Definire i sistemi agroalimentari alternativi non è una operazione semplice.


Le forme, che “l’essere alternativo” al sistema convenzionale assume,  sono molteplici
come diverse sono le prospettive teoriche dalle quali si indaga: economica, sociologica o
relazionale.
Anche i punti di partenza, da cui si mette in discussione il sistema convenzionale, sono
disparati: i problemi connessi ai riflessi negati degli attuali sistemi di produzione,
distribuzione e consumo, sull’ambiente; la sicurezza alimentare, nella sua più recente
accezione di diritto al cibo in quantità e qualità adeguate ed anche nella sovranità dei popoli
sui modi di assicurarsela; la distribuzione del valore prodotto nelle filiere tra gli attori del
sistema.
I modelli diffusi nel mondo, infatti, si differenziano per le forme organizzative (mercati
contadini, box schemes) per il grado e il tipo di innovazione che promuovono (CSA), per la
possibilità di integrazione istituzionale e di “scaling-up” che presentano (appalti pubblici per
le mense).
In tutti i modelli analizzati emergono risposte più o meno felici alle questioni poste in
partenza, spesso anche contradditorie: gli stessi concetti di “corta”, “locale”, “biologica” che
sembrerebbero essere i fattori accomunanti delle filiere che caratterizzano questi sistemi
sono spesso controversi e da queste contraddizioni scaturiscono numerose domande.
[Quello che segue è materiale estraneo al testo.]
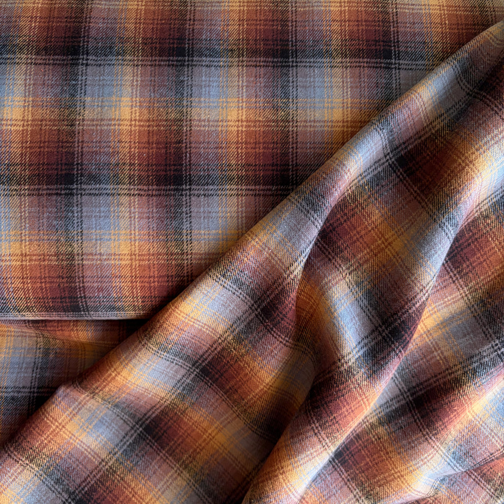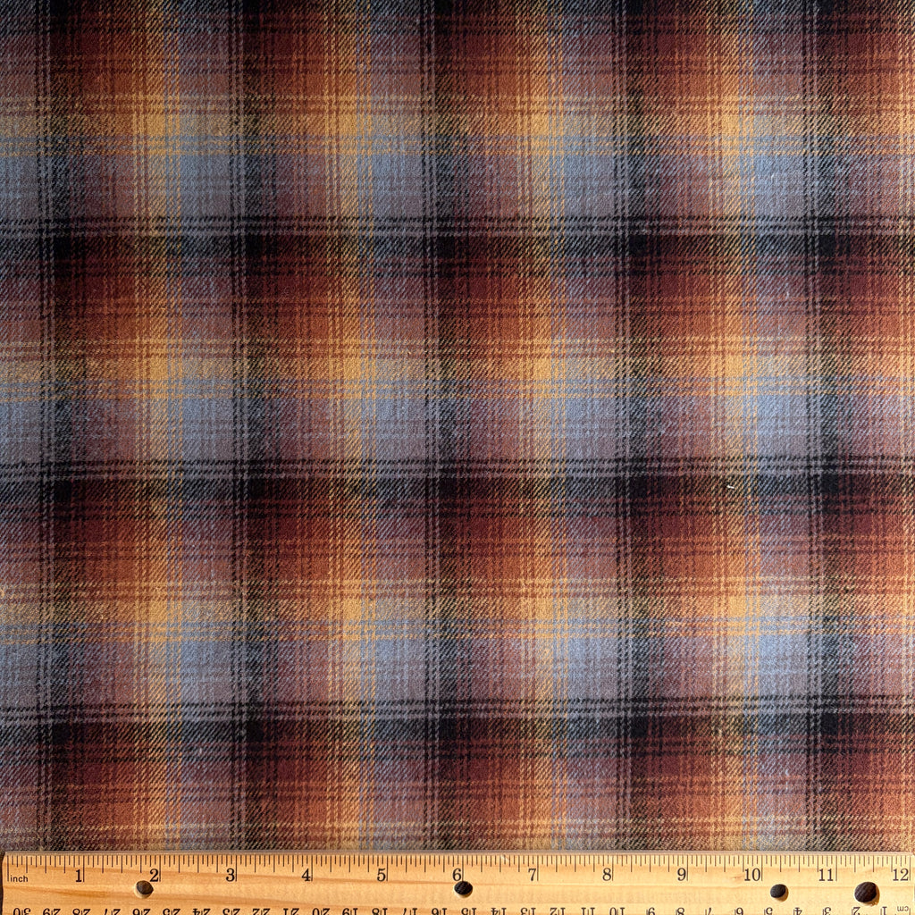 Celebrate the rich, dynamic hues of autumn with our Harvest Gold Plaid Flannel. This premium, 100% brushed cotton flannel offers an exceptionally soft and comforting hand, perfect for cozy layering during the cooler months. This fabric is ideal for capturing the spirit of the season, ensuring your handmade shirts, robes, pajamas, or cozy quilts provide both warmth and style.

E’ più eco-sostenibile un prodotto biologico importato dall’altro emisfero tramite trasporto
aereo o il prodotto da agricoltura convenzionale che proviene dal comune limitrofo?
E’ sostenibile economicamente  una ri-localizzazione dei sistemi agroalimentari?
La riorganizzazione della spesa, del suo stoccaggio, della preparazione dei pasti,  non
sempre molto “time-saving” è sostenibile socialmente ed è inclusiva o limitata a una elìte?
Quanto conta la componente del  coinvolgimento del consumatore e quanto questa ha un
valore politico?
Non è facile dare risposte. Ciò che emerge è che, la possibilità di soddisfare il nostro
bisogno primario per eccellenza, ovvero procurarci il cibo e di farlo in un’ottica di
sostenibilità, declinata nelle sue tre dimensioni, sociale, ambientale ed economica, è un
problema davvero molto complesso che richiede uno sguardo diverso, una prospettiva

88
multipla e una strategia integrata di risposta.
Non è possibile infatti, dal mio punto di vista, attribuire una preminenza ad un approccio
teorico, piuttosto che ad un altro e nessuno di questi, peraltro, è in grado da solo di darci
una comprensione del fenomeno.
La questione non può, secondo me, essere ridotta alla ricerca dei modelli o, ancora più
difficilmente del modello, alternativo.
Il tratto comune che sembra emergere, e che si ritrova anche nel  modello italiano del
Gruppo di Acquisto Solidale illustrato nella story-line riportata nell’ultimo capitolo di questa
tesi, è quello della complessità e dell’approccio sistemico che questi sistemi richiedono e
nelle possibilità che offrono, una volta che si allarghi lo sguardo dal cosa essi sono al
come si strutturano e operano; a quali siano e quanto contino gli scambi, le relazioni tra gli
attori all’interno sistema e rispetto al contesto. Come si evidenzia anche negli esempi
riportati, sembra che, se il cambiamento dalla logica strettamente di prodotto a quella
sistemica di processo, sia un punto di forza, la complessità organizzativa che ne consegue,
i cambiamenti cognitivi necessari a tradurli in atto e la difficile collocazione di questi
esperimenti all’interno di contesti convenzionali richiedano un’attenzione Politico-
Istituzionale per la ricerca collettiva di una possibile evoluzione di questi sistemi che sono
accomunati anche dal fatto di essere generati “dal basso”, testimoniando che probabilmente
esiste un bisogno diffuso di espressione .di soggettività sociale nell'agire quotidiano e
quindi, anche , nell'agire economico.